Friday, March 7, 2014

Index Selectivity in SQL Server


Index Selectivity in SQL Server

Index selectivity describes distribution of distinct values in a given data set.


To more generalize the term count the number of row and number of distinct values in a given column across all rows then divide count of distinct values by number of rows, the result in a ratio describe the selectivity of the index.


Better the selectivity more useful the index is and used by query optimizer.

There’s a common piece of advice given about columns in an index key that says that the most selective column should go first. It's correct, but the problem is that it’s often given without any explanation as to why the most selective column should go first, nor are the other considerations for index key order mentioned.
This can lead to misunderstandings like, in the extreme case, where one person after hearing that advice went and added the primary key column as the leading column of every single nonclustered index (because it’s highly selective), and then wondered why his database performance decreased dramatically.
The comment about selectivity is because of the way SQL keeps statistics on indexes. SQL only keeps the histogram for the first column of the index. That means that it only knows the actual distribution of values of the first column. If the first column is not selective, the index may not be used. However, that’s not the whole story.
SQL also, in addition to the histogram, keeps density values for all of the left-based subsets of the index keys. So, for a 4 column index key, SQL knows the density of the first column, of the first and second columns, first and second third columns and of all four columns. The density is, in a nutshell, a value that shows how unique the set of columns is. It’s 1/(distinct values). The value can be seen for any index using DBCC Show_Statistics with the DENSITY_VECTOR option.
This means, while SQL only knows the actual data distribution of the first column, it does know, on average, how many rows will be returned by an equality match on any left-based subset of the index keys.
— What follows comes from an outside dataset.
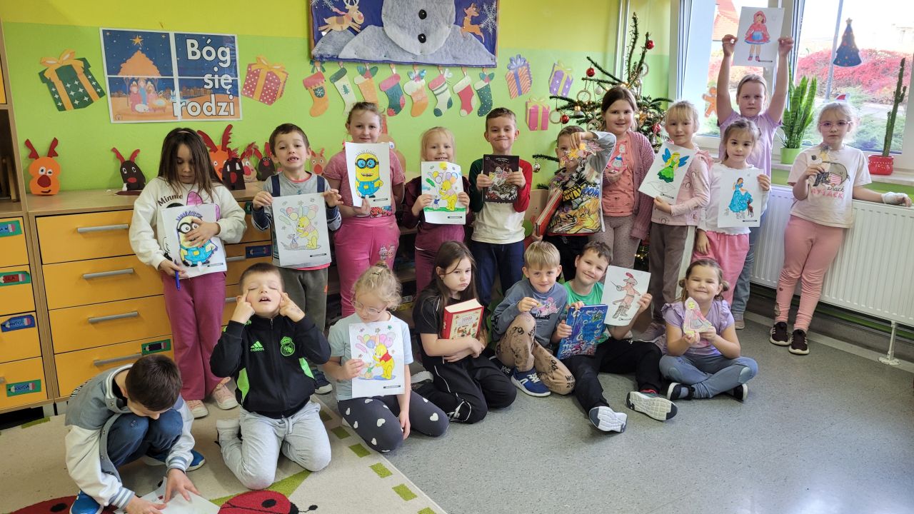 Uczniowie klasy 1b mieli okazję wziąć udział w lekcji bibliotecznej na temat bajek i baśni. Najpierw wysłuchali kilka znanych i mniej znanych opowieści, które przeczytała im pani Agnieszka. Pierwszaki z zainteresowaniem obejrzały też ilustracje książkowe. Następnie każde dziecko wybrało sobie kolorowankę i samo stworzyło ilustrację do bajki lub baśni. Zajęcia odbyły się w ramach działań Narodowego Programu Rozwoju Czytelnictwa na lata 2021-2025.

Therefore, a good rule for the order of columns in an index key is to put the most selective columns first, when all other considerations are equal.



Refer below query on employee table having four columns Id,Name,Addr,Dept

SELECT * FROM Employee
-- CREATE INDEX idx_Employee ON Employee(id,Name,Addr)
-- CREATE INDEX idx_Employee1 ON Employee(Addr,Name,id)
DBCC SHOW_STATISTICS(Employee,'idx_Employee')
-- DBCC SHOW_STATISTICS(Employee,'idx_Employee1')